Классный журнал

Дмитрий Быков Дмитрий
Быков

Поджигатель

04 ноября 2019 15:02
Очевидно, главная тема этого номера не оставила равнодушным писателя и поэта Дмитрия Быкова, взволновала. В итоге мы получили от Дмитрия Быкова интерпретацию темы «Дым» сразу в двух видах - поэтическом и прозаическом. Прозаическая версия — здесь.

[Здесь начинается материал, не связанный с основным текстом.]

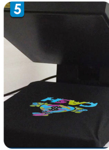
5 Heat press machine 170° degrees 60 seconds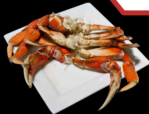
DUNGENESS CRAB LEGS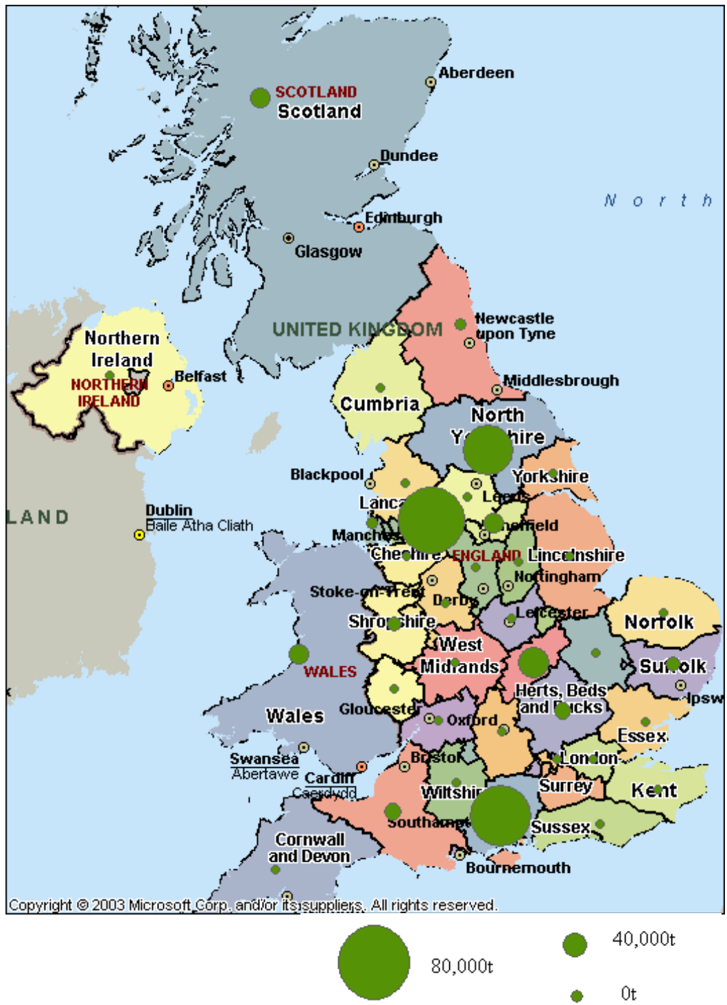
Fig. 10: By-products produced, by area, in 2006

Copyright © 2003 Microsoft Corp. and/or its suppliers. All rights reserved.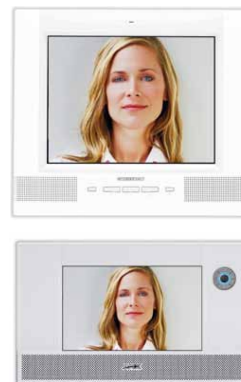
The connection to the lifestyle of the future: operating panels assume the functions of the indoor station for the communication system (pictured: displays from Crestron and AMX).

Siedle provides intelligently networked buildings with the appropriate building communication systems. A special interface permits the exchange of communication and control signals with the building's automation and entertainment systems from leading manufacturers. In the process, their visualization and operating displays function as the indoor station for the door and building commu-

Под Самонихой поймали поджигателя, и Потапов поехал на допрос. Поджигатель оказался неожиданно приличным с виду молодым человеком в джинсах и рубашке цвета хаки с коротким рукавом. С местной полицией он разговаривать отказался, потребовал районное начальство, а когда приехал Потапов — ему самому было любопытно, поджигатели до сих пор ускользали, — с вызывающим видом потребовал у него документы.
 
— Ишь, — лебезя перед Потаповым, сказал участковый. — Документы ему.
 
Участковый с идиотской фамилией Пиняев был толст, одышлив, страдал от жары и вот уже две недели караулил поджигателей, но сделать ничего не мог: горела Самониха, и Тетеревка, и Усково, и вся Чимганская область, и если бы только она. Но сколько бы Потапов в отчетах ни списывал все на жару, он по некоторым приметам, для профессионала несложным, понимал: работали люди, большая сеть, с хорошим прикрытием, с быстрым транспортом, и кто-то из местных был с ними в сговоре.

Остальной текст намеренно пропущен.